South Asian frozen dessert

Kulfi (/kʊlfiː/) is a frozen dairy dessert from the Indian subcontinent. It is often described as "traditional Indian ice cream". Kulfi originated in 16th-century Delhi during the Mughal era.

Kulfi is denser and creamier than regular ice cream. It comes in various flavours, traditionally almond, cardamom (elaichi), mango, pistachio, and saffron. Unlike ice cream, kulfi is not churned while being frozen, producing a denser final product which is considered a distinct category of frozen dairy-based dessert. The density of kulfi causes it to melt more slowly than ice cream.

==History==

The word kulfi comes from the Persian qulfi (قلفی) meaning "covered cup". The dessert originated in Delhi during the Mughal Empire in the 16th century. The mixture of dense evaporated milk was already popular in the sweet dishes in the Indian subcontinent. During the Mughal period, this mixture was flavoured with pistachios and saffron, packed into metal cones and immersed in slurry ice, resulting in the invention of kulfi. Ain-i-Akbari, a detailed record of the Mughal emperor Akbar's administration, mentions use of saltpeter for refrigeration as well as transportation of Himalayan ice to warmer areas.

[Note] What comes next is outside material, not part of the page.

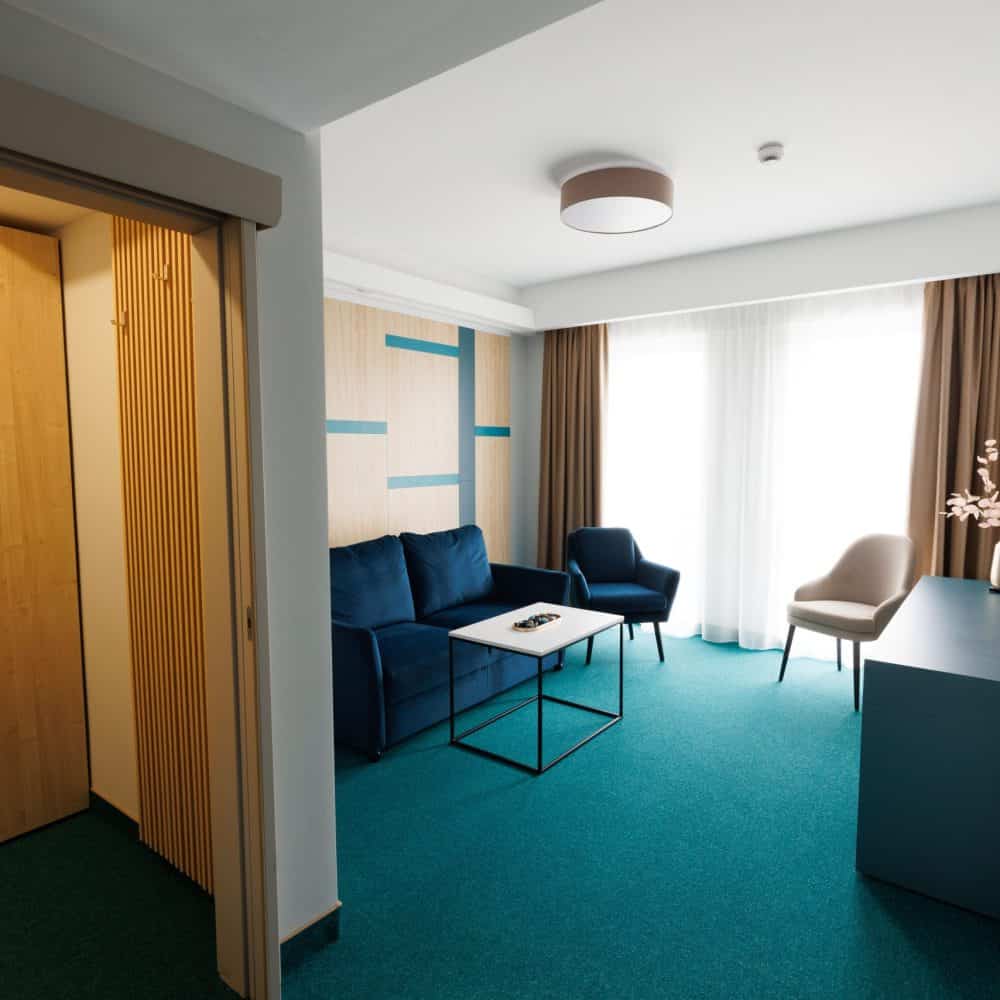 Apartamentele Hotelului YVY sunt spațioase și confortabile, cu o suprafață de aproximativ 40 metri pătrați și sunt compuse dintr-o cameră de zi, un dormitor, hol, baie privată cu cadă și toaletă separată. Toate spațiile sunt amenajate cu mobilier de calitate, decor modern și culori plăcute, care creează o atmosferă primitoare.
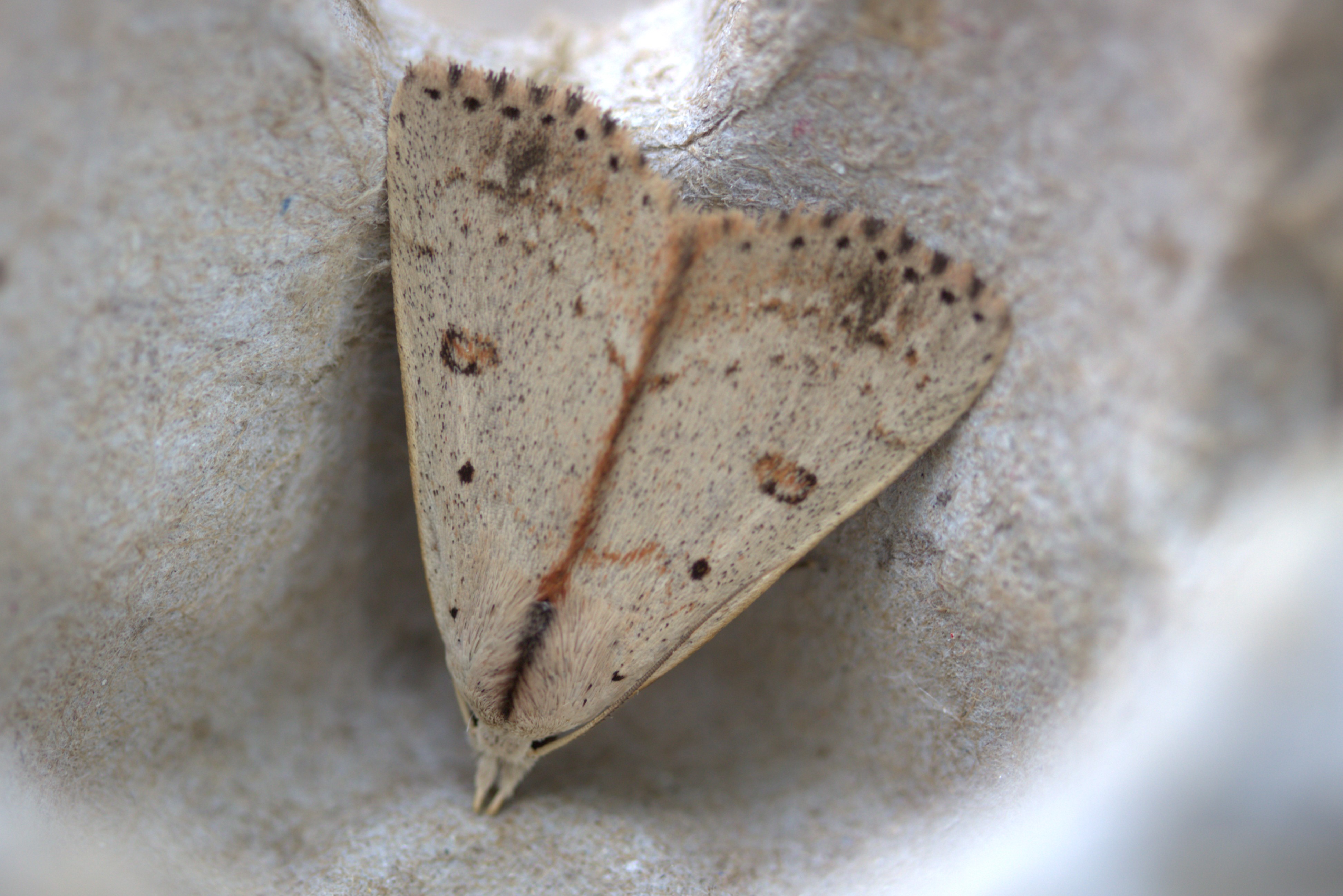 I believe this moth is of the genus Mythimna, but I’m not quite sure as it’s a fairly nondescript moth. The moths in this genus feed on grasses when larvae which would also line up with its discovery within my lawn (Beadle and Leckie 2012).

Although Delhi has been described as the birthplace of kulfi, Australian food historian Charmaine O'Brien suggests "...it is likely that [kulfi] originally evolved in the cooler climates of Persia or Samarkand and that the Mughals appropriated the concept and elaborated on it to create the creamy, perfumed dessert that it now is."

==Preparation==
To prepare kulfi, sweetened, flavoured milk is slow cooked. The milk is stirred almost continuously to prevent it from sticking to the cooking utensil. During this process, the milk condenses and thickens. The slow cooking caramelises the sugar in the mixture and browns its milk proteins, giving kulfi its distinctive taste. The mixture is then poured into moulds (often kulhars) and sealed. The sealed moulds are submerged in an insulated matka filled with ice and salt. This quickly freezes the mixture, giving it a soft, smooth consistency free of ice crystals. Kulfi prepared in this traditional way is called matka kulfi.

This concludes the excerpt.